This repository is provided for reference purposes for publications that use this pipeline and is not provided as a tool for others to use. This means there is no support or help provided. That being said anyone is welcome to clone the repository and use the pipeline or feel free to use it as a guide to write your own Snakemake pipeline.

Install

Clone this repository to a location of your choosing.

git clone https://github.com/ucvm/vmmp

The recommended way to run the pipeline is to use the conda See the snakemake webpage for details on how to do this with your snakemake install.

Almost all dependencies can be installed using the provided conda environment file vmmp_env.yml. It will create a new environment called vmmp.

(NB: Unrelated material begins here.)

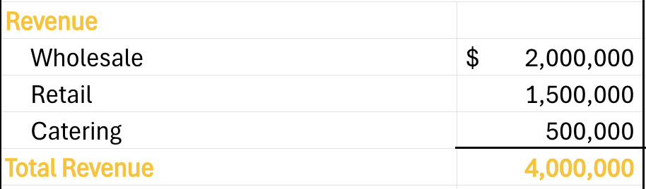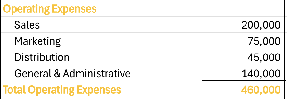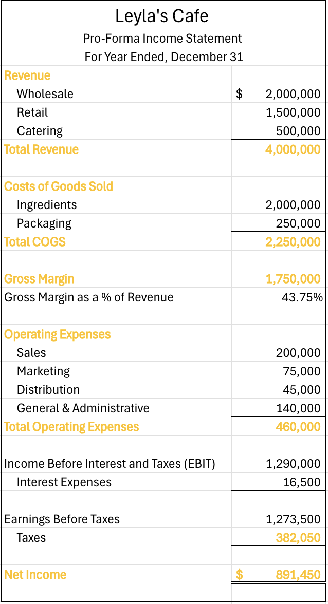 Next, an estimate must be made for selling, general, and administrative expenses or SGA. These costs can include combined payroll costs and the major portion of non-production-related costs. We also deduct depreciation and amortization on fixed assets, along with research and development costs. Leyla’s cafe does not have any depreciation or amortization, but she does have expenses for sales, marketing distribution, and general and administrative items.

conda env create -f vmmp_env.yml

As of now the R package dada2 needs to be installed directly from Biocondutor due to dependy issues.

Also these R packages are not available on conda and have to be installed directly

  • pander
  • phangorn

Once everything is installed you can: source activate vmmp then run snakemake. Only usearch and ssu-align will need to be installed manually.

Dependencies

As configured the snakefile will load the required dependencies using environment modules installed on our local server. As long as the dependencies below are in your path then there is no need to use the modules. Simply comment those lines out. Also, you'll need to comment out the onsuccess and onerror portions or replace with your own code. The push command is custom script to push a notification to my Pushover account.

  • Python: 3 and above
  • Snakemake: 3.9.0
  • usearch: 8.1.1861
  • cutadapt: 1.8.3
  • R: 3.3.2 with the following packages installed: phangorn, ape, phyloseq, dada2, stringr, Biostrings
  • ssu-align: 0.1.1
  • FastTree: 2.1.8

A note on the taxonomy databases

You'll need a copy of your database of choice formatted to be used by dada2::assignTaxonomy. You can make this yourself or use one provided by the dada2 authors (see the documentation).

Config file

The pipeline requires a config file, written in yaml, to run. See the provided example file. Most options are self-explanatory and simple to setup. Example primer sets are given for common protocols at our institution - these can be changed as required. Sample names should be unique and contained within the file name.

Quality check

As of now the pipeline requires manual inspection of the quality data to determine the best parameters for quality filtering. This is done by filtering a single sample with a range of different parameters and inspecting the results to determine the optimal setting for the expected error (-fastq_maxee) and truncation length (-fastq_trunclen) parameters provided to the usearch -fastq_filter command.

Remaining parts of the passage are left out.